Тот кивнул с медлительной важностью.
– И мы тоже так полагам. Революция не на два дни делалась, а навечно. Он, – указал Шилов большим пальцем правой руки себе за плечо, на стену, за которой корпел над бумагами Даниахий-Фолиант, но, разумеется, имел в виду заводского управляющего, – знат одно, ему еще старое время светит. Ему хоть бревном по башке – ничего не слушат. Прогнать меня желат! Ты, говорит, воду мутишь. Да, говорю, тебе, точно, я мешаю. Мешаю тебе людей понуждать, чтоб по десять часов работали… Мешаю парнишек в чятырнадцать лет на работу брать… Люди с голоду пухнут, им работа надобна, а он, карга, все по-своему норовит…

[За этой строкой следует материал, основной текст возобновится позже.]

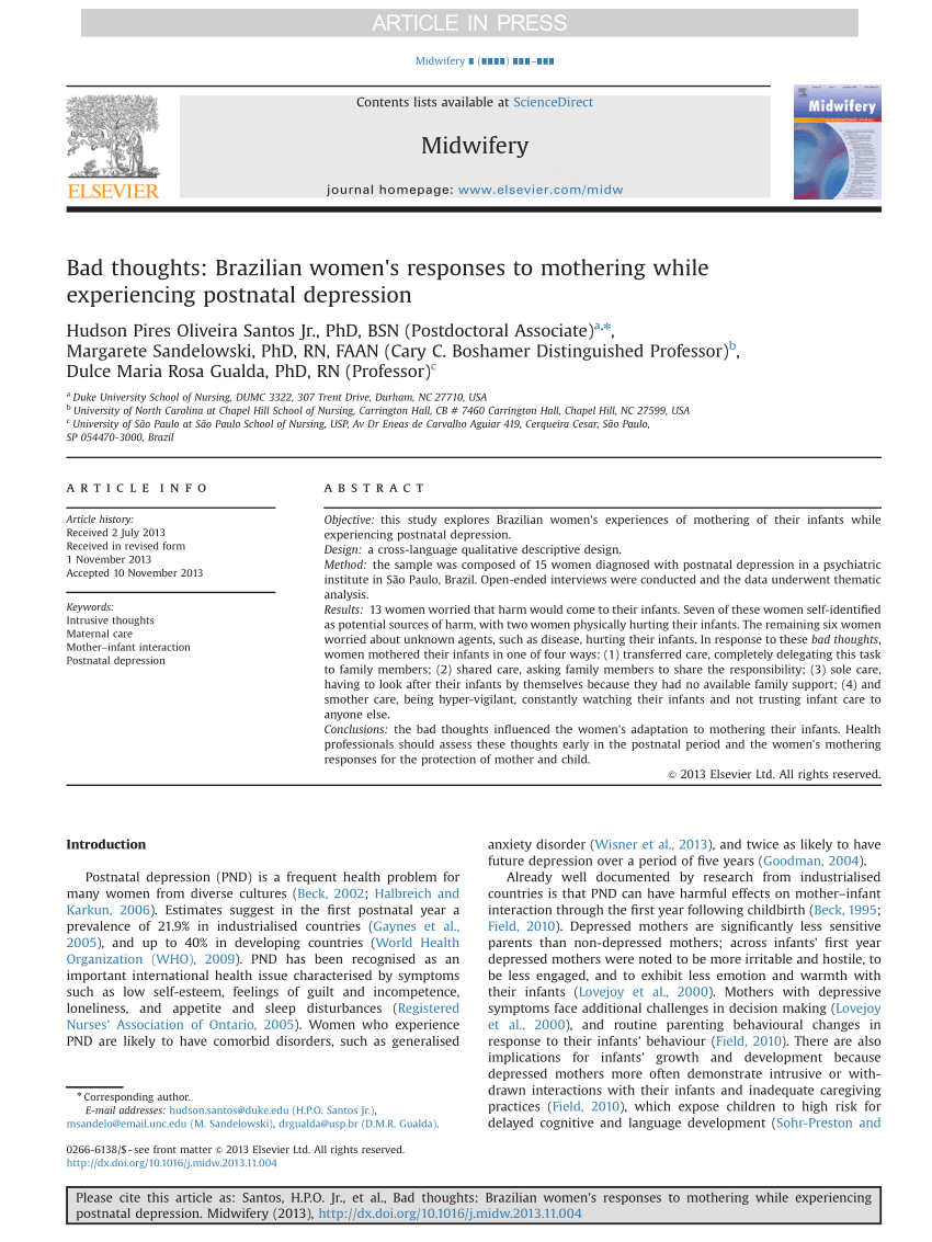 PDF Bad Thoughts Brazilian Women S Responses To Mothering While Experiencing Postnatal Depression

– Приказ был, – сказал Полторацкий, – рабочий день – восемь часов. До шестнадцати лет на работу не брать!
– Вот, – подтвердил Шилов, – этот приказ у нас есть, мы знам. Еще надо написать: так и так, а будешь по-своему делать, пеняй на себя!
– Добро, Петр Прокофытч, напишем…
И на письме рабочих, внизу, размашисто вывел: «Дано сие представителю рисоочистительного завода товарищу Шилову в том, что администрации рисоочистительного завода безусловно приказывается подчиняться постановлениям заводского комитета. Невыполнение постановлений заводского комитета рассматривается как нарушение прав революционного народа со всей вытекающей отсюда ответственностью». И подписал: «Комиссар труда – Полторацкий».
– Вот, товарищ Шилов, такую напишем ему резолюцию. И сразу договоримся: будет гнуть свое – давайте мне знать. А вообще, Петр Прокофьич, ведь и до вас дойдет скоро: национализируем.
Шилов откашлялся и отозвался с осторожностью:
– Дело нужное.
– Не одобряете?
– Этозря, – досадливо поморщился делегат рисоочистительного завода. – Что значит – не одобрям! – Темными спокойными глазами некоторое время он внимательно смотрел в лицо Полторацкому, как бы решая: все говорить этому человеку, все без утайки, либо с выбором, осторожно и примериваясь. И, вздохнув, вымолвил: – Дело нужное, кто тут спорит. Раз такую линию взяли, никакого отступления ни сей час, ни в какое другое время быть не может. Ноя тебе вот что окажу… Смотри: был хозяин, он свое добро оберегал и за ним в оба глаза глядел. А мы, я примечаю… да вот хоть сады взять, которые у хозяев отобрали… мы, я говорю, вроде бы так выводим, что раз теперь все наше, то порядок сам собой станет! да не может так быть, я тебе говорю! Это ж еще понять надо: на-ше, – с силой произнес Шилов. – И что мы ему все хозяева, что мы его пуще прежнего беречь должны.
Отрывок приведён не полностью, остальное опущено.